In our Gospel today, Jesus is speaking like a prophet pronouncing an oracle about the future. It is one of the few passages where we hear about him weeping. What is he weeping about? About a terrible disaster that would actually take place around 37 years later—the destruction of Jerusalem by the Romans in 70 AD.
Listen to how Jesus describes what he is seeing in the future, according to St. Luke: “Your enemies will raise a palisade against you; they will encircle you and hem you in on all sides. They will smash you to the ground and your children within you, and they will not leave one stone upon another within you…”
If you have been to the Holy Land and you have had the chance of visiting Jerusalem, part of your trip would have included a visit of a tear-shaped Church called DOMINUS FLEVIT, Latin for “The Lord wept.”
If you sit inside that Church and look out from its window, you will see a perfect view of the so-called Dome of the Rock, the exact location of the ancient temple, and the rest of the old city of Jerusalem. You can close your eyes and let the words of Jesus play like a video, anticipating by almost four decades the tragic events that would lead to the destruction of the temple, the city and its walls, by the Romans.
Why is Jesus weeping? Because he could not stop it from happening. He could not prevent his own people from taking the path that would lead to their doom. He says this is bound to happen anyway “…because you did not recognize the time of your visitation.”
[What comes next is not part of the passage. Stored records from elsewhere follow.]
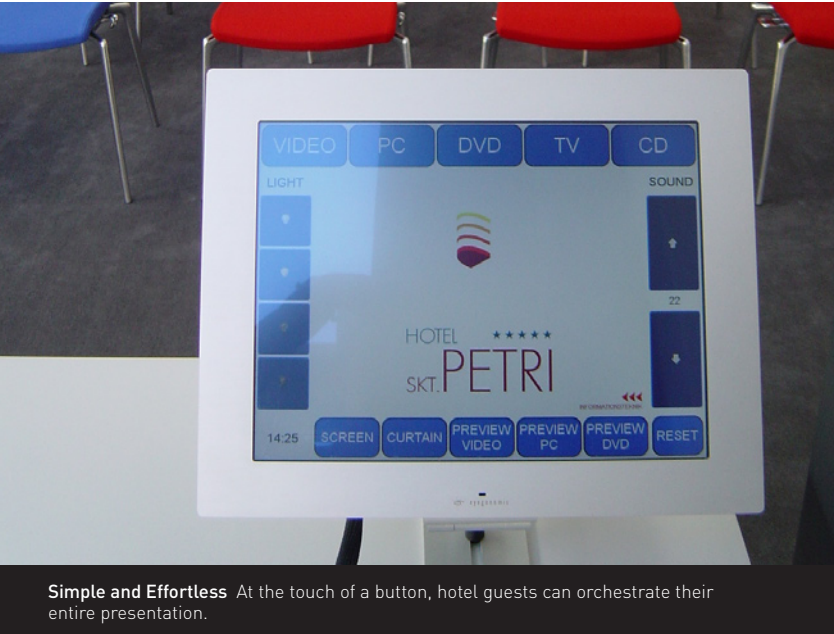
Simple and Effortless At the touch of a button, hotel guests can orchestrate their entire presentation.

© 2007 AMX. All rights reserved. AMX, Modero, Max by AMX, NetLinX and the AMX logo are all registered trademarks of AMX. AMX reserves the right to alter specifications without notice at any time.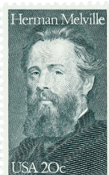
Melville wrote several stories inspired by his time as a Merchant Marine.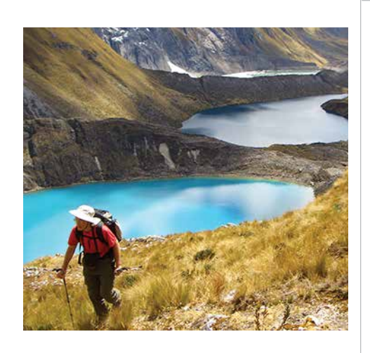
"A spectacular and fun trip!" Trish K., Berkeley, CA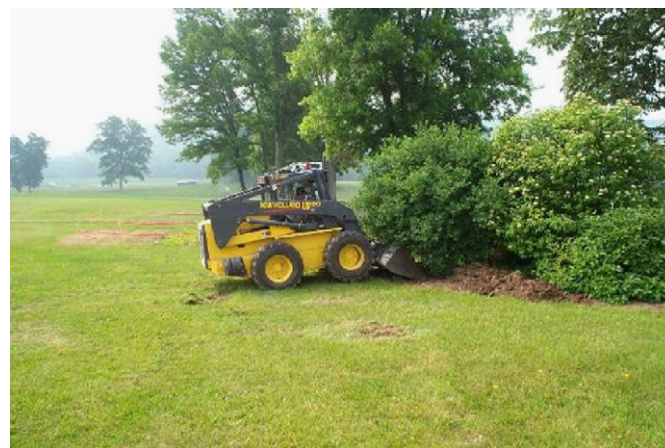
Fig. 6. Skid-steer loader during shrub removal operation.

The field data analysis showed vehicle operators experienced peak vertical accelerations—indicative of jars/jolts—that could reach accelerations as high as 3.4g 's. This particular event occurred at the transition of two road surfaces with the vehicle traveling at a relatively higher rate of speed. A power spectral density analysis of the data reveals that this g -level corresponded to a frequency lower than the sensitivity range of the seated human body (4–8 Hz). Potentially, this magnitude could be problematic, but it is unclear to what degree that it would be. How often such events occur for the type and class of vehicle is important to note when evaluating operator exposure, severity of exposure, and needed isolation for the seat and possibly other operator cab components. The authors observed that these occurrences were not frequent during data collection. However, owing to the complexities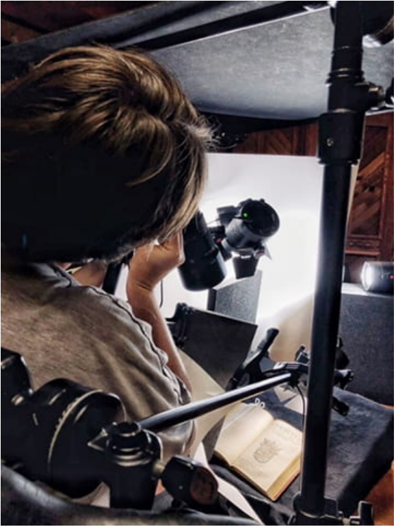
Alkek Digitization Lab

The University Libraries' suite of online open-source research tools can help researchers from all disciplines in empowering their data and research papers. To submit your research by yourself, or find out more about using <u>Dspace (guide)</u>, <u>Dataverse (guide)</u>, or other applications mentioned, please feel free to contact Laura Waugh, Digital Collections Librarian <u>Iwaugh@txstate.edu</u>. Also, visit our <u>Digital Collections</u> or <u>Data</u> <u>Repository</u> online to begin to explore further.

The coming of a prophet was otherwise called “the Lord’s visitation.” Unfortunately, they often realized that they had been visited by the Lord through a prophet after the oracle of that prophet had been fulfilled. They would look back and say, “We have been told that this was bound to happen. We had been warned by the prophet but we did not listen. We even took part in ridiculing the prophet as a mad man. Not only did we take offense at his words, we even put him to death in order to silence him. And now the destruction that he had predicted and tried to prevent is upon us. We have no one to blame for it but ourselves.”
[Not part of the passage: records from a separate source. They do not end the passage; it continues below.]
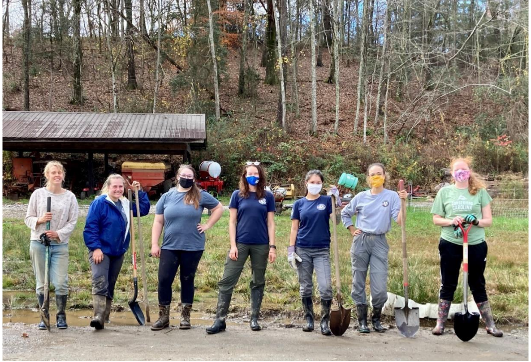
Volunteers transplanting Juncus to the banks of the newly restored Foster Creek for a quick jump on stabilization with hardy roots.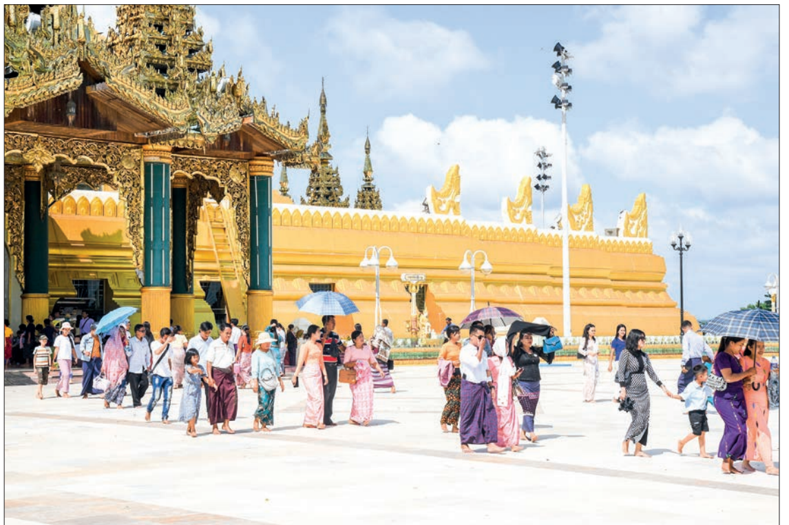
Pilgrims visiting eminent pagodas in Nay Pyi Taw yesterday.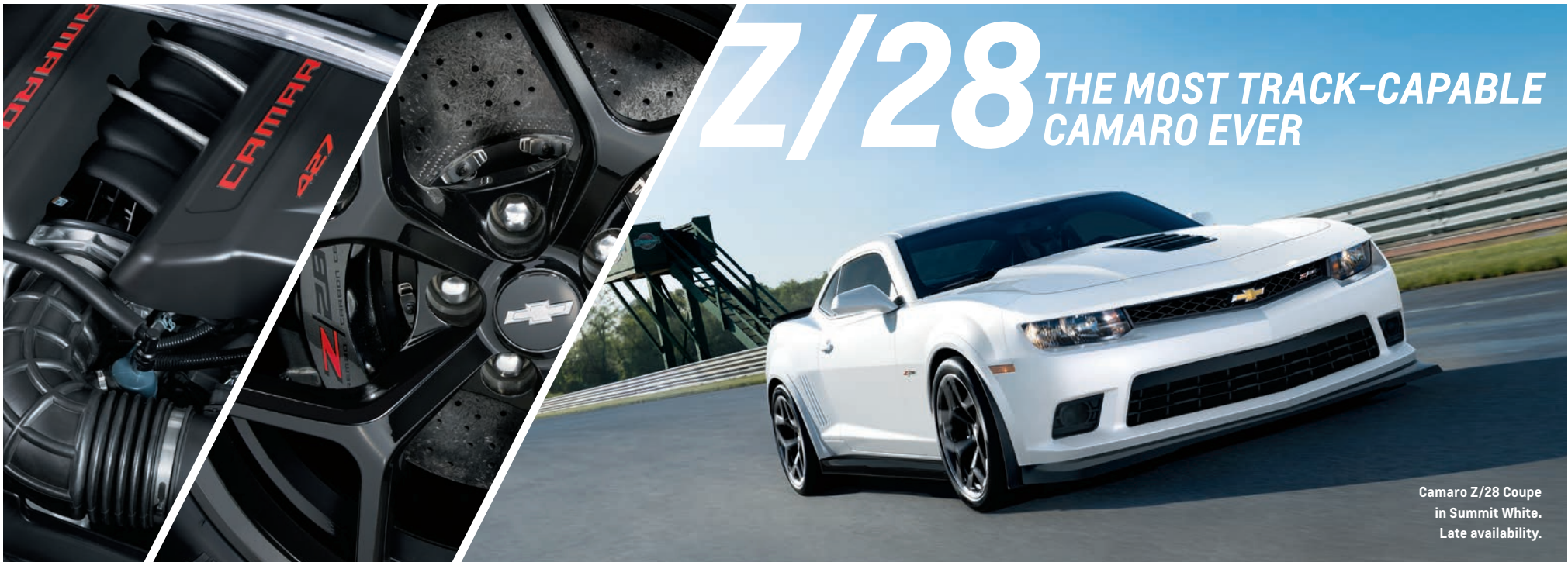
Camaro Z/28 Coupe in Summit White. Late availability.

THE WISH LIST FOR ANY RACER Lightweight, dry-sump LS7 V8 engine. Carbon ceramic brakes. Integrated coolers for track use. True aerodynamic downforce. Significant reduction in curb weight. Every detail is engineered specifically to create the ultimate track experience. The 2014 Camaro Z/28 restores the mission of the original Z/28, and serves as a testament to the expertise of Chevrolet as the best-selling brand of performance cars.

In the Gospel of Matthew, instead of just describing Jesus as weeping over Jerusalem, the evangelist puts a word of lament in the mouth of Jesus. In Matthew 23:37 he says, “Jerusalem, Jerusalem, you who kill the prophets and stone those sent to you, how many times I yearned to gather your children together, as a hen gathers her young under her wings, but you were unwilling!”
It is Matthew who makes me realize that it is actually what Jesus knows about the past that makes him see the future. We have often mistaken prophecy as fortune-telling, as predicting or foretelling what is about to happen before it actually happens. No doubt, the foretelling is part of it. But the lament of Jesus makes it obvious that it is his awareness of past history that gives him an inkling about the future. He is actually lamenting that the present generation has such a short memory and is doomed to repeat history. You could feel that when he says, “If this day you only knew what makes for peace, but now it is hidden from your eyes.” This is his way of denouncing the city called YERUSHALAYIM, meaning, “City of Peace”, that will never experience peace because of its forgetfulness of the past.
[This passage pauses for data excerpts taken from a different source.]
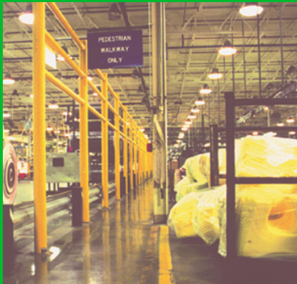
Open Wall for Increased Air Flow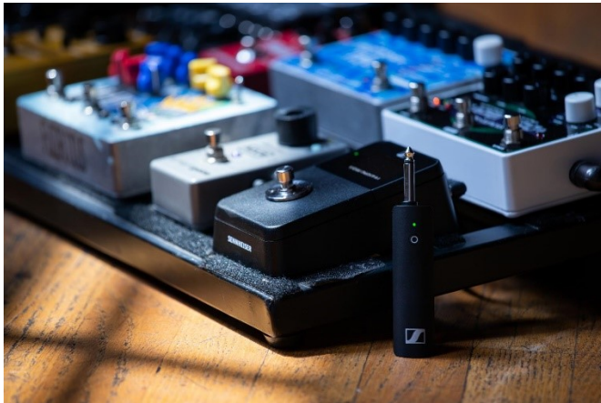
The XSW-D Pedalboard Set features a built-in guitar tuner

The XSW-D Portable Lavalier Set includes a transmitter (mini-jack) with belt clip, receiver (mini-jack) with camera connection cable and shoe mount and an ME 2-II lavalier mic.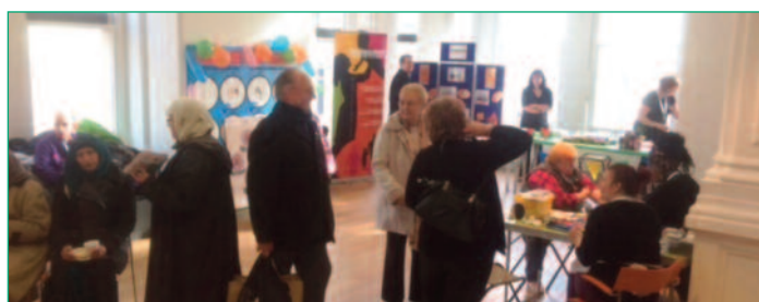
Co-creating Healthy Change 2015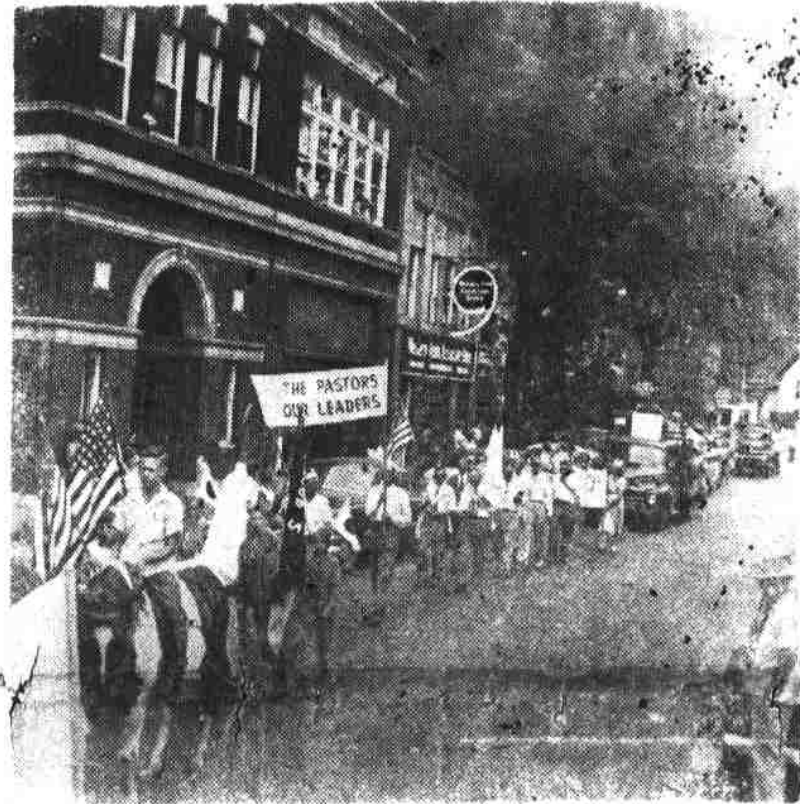
V. B. S. Parade Several Years Ago

The French have a word for the past repeating itself in the present. They call it DÉJÀ VU—it’s like we’ve been there and seen it all, just as it’s happening. When the destruction of Jerusalem actually happened in 70AD, I imagine the Jews saying, this is exactly what happened to us in 586 BC in the hands of the Babylonians.
In the age of digital technology, I suggest that our historians translate our history books into videos that our non-reading present generation should watch. But there would not even be any need for that if only we found the time to do the storytelling ourselves—the way my own parents and grandparents told us about the Japanese occupation over and over again.
Now, history is being revised and woven like a fiction story about an ideal society that never was and an ideal leader that never existed. And when tyranny makes a come-back, we have no one to blame but ourselves. No, please, let us not make the Lord weep again; there is still something that we can do to avoid a tragic repetition of history.